Avoid Distractions In General

While we’re on the subject of phones being a dangerous distraction, I’d like to talk a bit about the other things that cause your attention to be taken away from the road. When you’re behind the wheel of a moving vehicle, the only thing you should be doing is driving, and putting your focus on yourself and the drivers around you. Distractions while driving can include a number of things, such as reaching for items in your bag or glove compartment, putting on makeup, fixing your hair, otherwise using your mirrors for something other than checking your blind spot, eating, etc. You may think you’re capable of driving while also doing these things, and that’s great for you if you are, but consider for a moment that not everyone is as talented as you think you are. You may be keeping an eye out for everyone else, but do you really trust everyone else to keep an eye out for you? I don’t think so.
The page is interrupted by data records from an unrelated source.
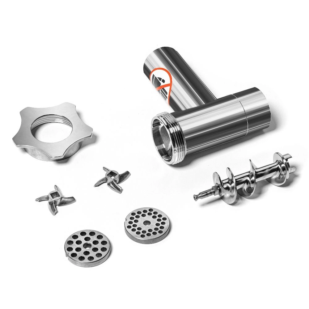 Zariadenie je vyrobené celé z vysoko kvalitnej nerezovej ocele, čo zaručuje nielen odolnosť voči mechanickému poškodeniu, ale aj jednoduché udržiavanie čistoty a splnenie hygienických požiadaviek. Súčasťou balenia sú dve sitká s priemerom otvorov 6 mm a 8 mm, čo umožňuje prispôsobiť hrúbku mletia potrebám používateľa – napríklad na prípravu plnky na fašírky alebo na výrobu klobás. Vonkajší priemer sitka je 59,5 mm a hrúbka 9 mm, čo zaručuje stabilitu a odolnosť počas prevádzky.
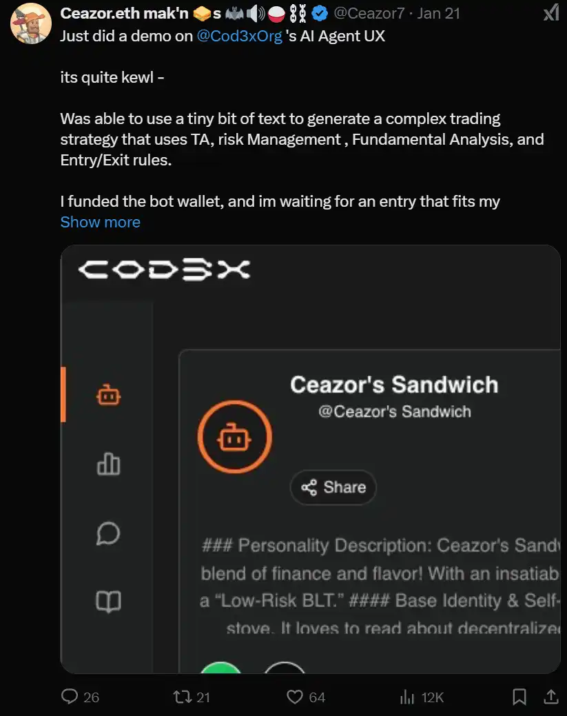 Cod3x 是当前顶级的自主交易 agent 生态系统之一,Cod3x Create 已经开始进行测试。Cod3x Create 允许用户通过自然语言界面创建自己的自主 agent。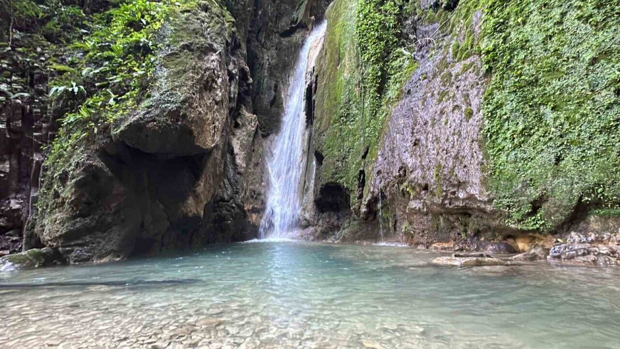 Düzce’nin Akçakoca ilçesinde yer alan Aktaş Şelalesi, ziyaretçileri kendisine hayran bırakıyor.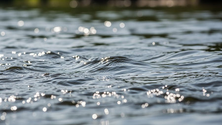 Discover a serene water surface adorned with gentle ripples and vibrant light reflections, ideal for evoking tranquility and natural beauty in imagery.

Ensure Your Car is in Good Condition

One of the best ways to avoid accidents is to ensure that your car is in the best condition possible. Why? A car that is not well-maintained is more likely to run into problems or malfunction. If that happens, your safety goes beyond your control. You’ll never know what can happen.

Now, it’s understandable that not everyone can afford to buy a new car, so a regular check-up should be enough. Make sure that the oil is changed when needed. Also, make sure that all your lights turn on properly, all your tires are properly inflated to the automaker’s recommended pressures. Don’t forget to always have a spare for emergencies. 

Here’s a list that can serve as your car maintenance checklist:

For Short Term Checks

  • Make sure your air filter is flowing properly to ensure fuel efficiency.
  • Check your oil and coolant levels (especially before a long drive).
  • Inspect both turn signals and your parking lights at least once a month to make sure your lights are functional.
  • Inspect tires every month, before a long drive, or if you’re going to carry heavy loads.
  • Change both the oil & oil filter as much as recommended in your vehicle’s manual (consult with a professional if in doubt).

For Long Term Checks

  • Make sure your transmission fluid is checked and changed when needed (check your vehicle manufacturer’s recommendations).
  • Have your vehicle’s shocks and struts inspected by a professional every 50,000 miles or so.
  • Have your coolant system flushed regularly to get rid of contaminants that can build up inside your radiator.
  • Make sure to replace your windshield wipers at least once a year, or whenever the effectiveness is compromised.
  • Schedule regular battery testing to ensure it’s working properly at all times.
  • Change your tires as needed, depending on your location’s driving weather conditions.

Following this car maintenance schedule are just some of the recommendations that can help ensure your car is in good condition. By sticking to it, you will not only extend the life of your vehicle, but it will also be a good way to prevent breakdowns and malfunctions that can ultimately end up in unwanted road collisions or accidents.

Now, these are not, by any means, the only safe driving tips you should follow, and you should always be making sure you’re doing everything you can to make the road as safe as possible, not only for yourself but for those around you as well. After all, the road is the safest when we all work together to make safety our top priority – and that means we can’t do it without you. Are you doing your part to decrease the number of automobile accidents every year?